■ **Work instruction**
With the pictures omitted, repeat exactly the lines below starting with the line that has "Протокол матча Банфилд против Уракан" and going on through the line that has "新版本中,不考虑时间成本,A".

[[ Available data open ]]

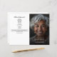 Custom photo funeral programs with obituary and order of service offer a dignified and personalised way to honour a loved one’s life. Featuring a full-page memorial photo with elegant script and serif fonts, this template includes space for acknowledgements, pallbearers, flower bearers, and a heartfelt tribute message. The coordinating inside layout provides a structured order of service alongside space for a written obituary or life summary, making it ideal for memorials, homegoing ceremonies, or celebrations of life. This customisable funeral program design blends simplicity and elegance to create a meaningful keepsake for family and guests.
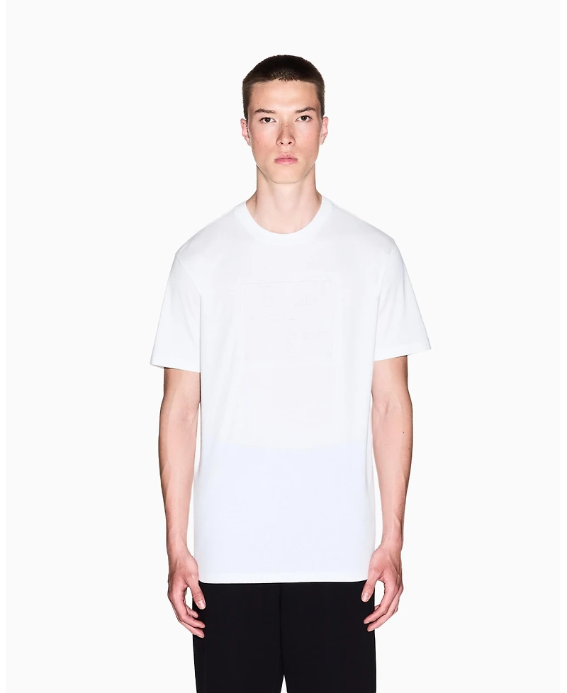 Add a touch of modern sophistication to your wardrobe with this crewneck t-shirt from Armani Exchange. Featuring a tonal textured grid box design with larger ""A"" and ""X"" letters, this shirt subtly showcases the iconic Armani Exchange branding. Perfect for any occasion, this stylish piece combines comfort and fashion effortlessly.
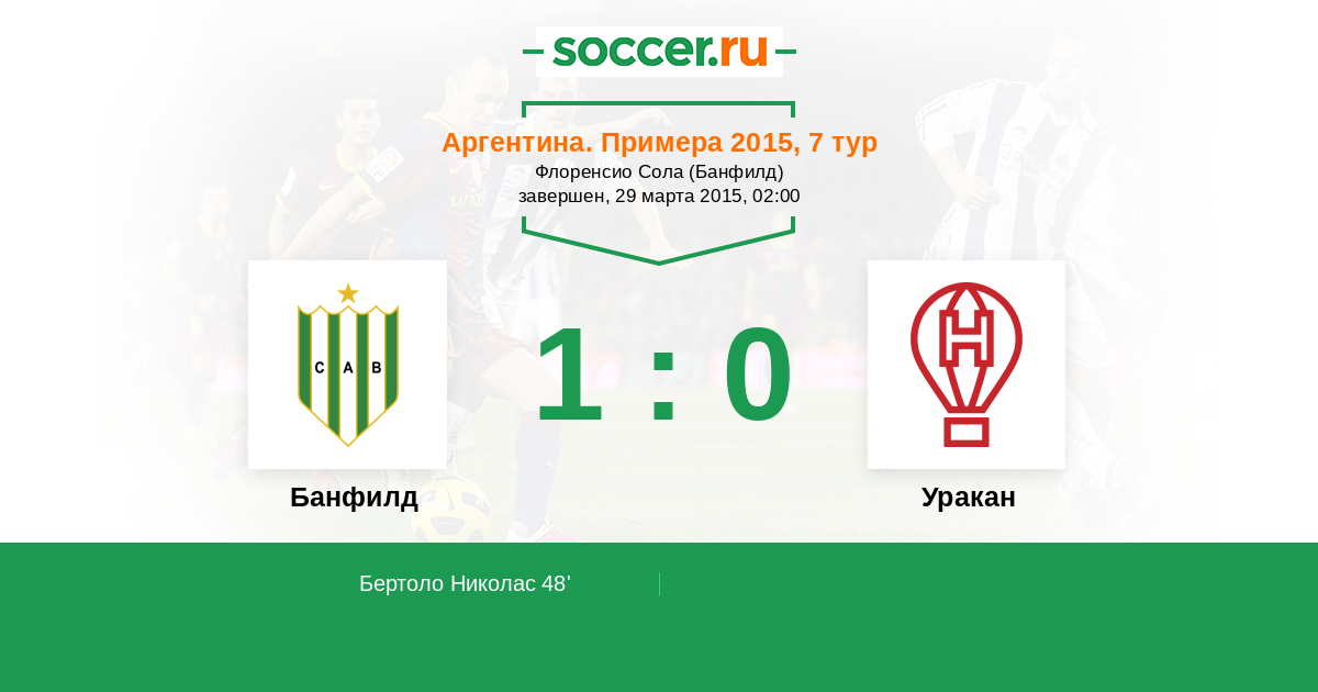 Протокол матча Банфилд против Уракан
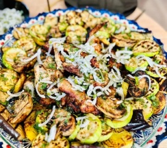 В комнате массажное кресло с могучим Yamaguchi и приятнейшая кухонная зона. Она - и удобный мангал неподалеку - вдохновили нас устроить настоящий званый ужин с овощами-гриль и рыбками! 🐠
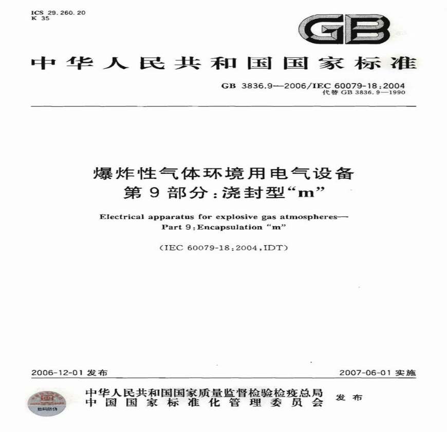 > GB3836.9-2006 浇封型电气设备“m”
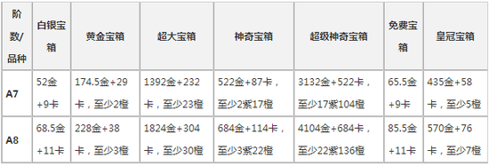 新版本中,不考虑时间成本,A7/A8秒战斗宝箱的性价比都远远高于任何商店宝箱,尤其是A8的战斗宝箱在紫卡的数量上都已经逼近了超级神奇宝箱。正常玩家的氪金思路应该是:保证购买每一张2000G的商店紫卡,宝石用来秒宝箱保证每场胜利都可以获得宝箱,实在没时间打对战或者急需提升的话才考虑开超级神奇宝箱。
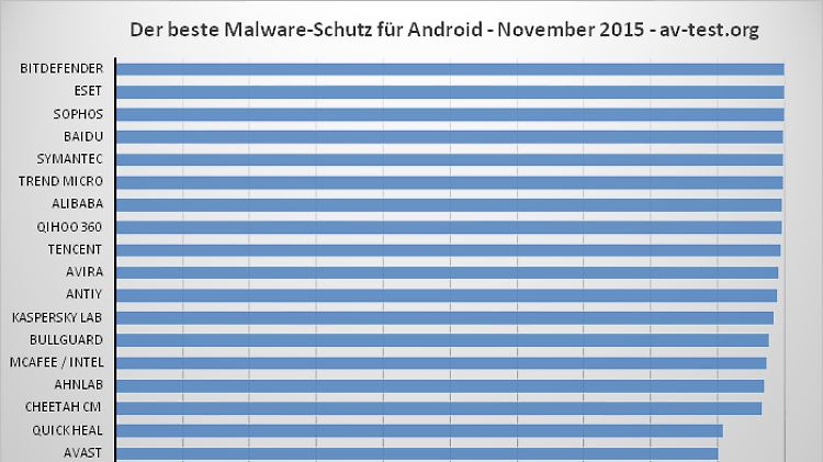 Das Ergebnis des Tests kann Android-Nutzer aufatmen lassen: Drei Apps erreichten 100 Prozent, nur eine blieb unter 96 Prozent und damit deutlich abgeschlagen vom Rest des Testfelds. Das Bestergebnis teilen sich die Antivirus-Apps von Bitdefender, Eset und Sophos. Dicht dahinter liegen die Lösungen von Baidu (99,99 Prozent), Symantec und Trend Micro (beide 99,98 Prozent). Nur sieben Apps erreichen weniger als 99 Prozent, Avast liegt mit exakt 99,01 Prozent auf Platz 18. Den letzten Platz belegt die App von AVG mit einem deutlich schlechteren Ergebnis als die Mitbewerber (91,59 Prozent).

[[ Available data closed ]]

■ **Exercise solution**
 Протокол матча Банфилд против Уракан
 В комнате массажное кресло с могучим Yamaguchi и приятнейшая кухонная зона. Она - и удобный мангал неподалеку - вдохновили нас устроить настоящий званый ужин с овощами-гриль и рыбками! 🐠
 > GB3836.9-2006 浇封型电气设备“m”
 新版本中,不考虑时间成本,A7/A8秒战斗宝箱的性价比都远远高于任何商店宝箱,尤其是A8的战斗宝箱在紫卡的数量上都已经逼近了超级神奇宝箱。正常玩家的氪金思路应该是:保证购买每一张2000G的商店紫卡,宝石用来秒宝箱保证每场胜利都可以获得宝箱,实在没时间打对战或者急需提升的话才考虑开超级神奇宝箱。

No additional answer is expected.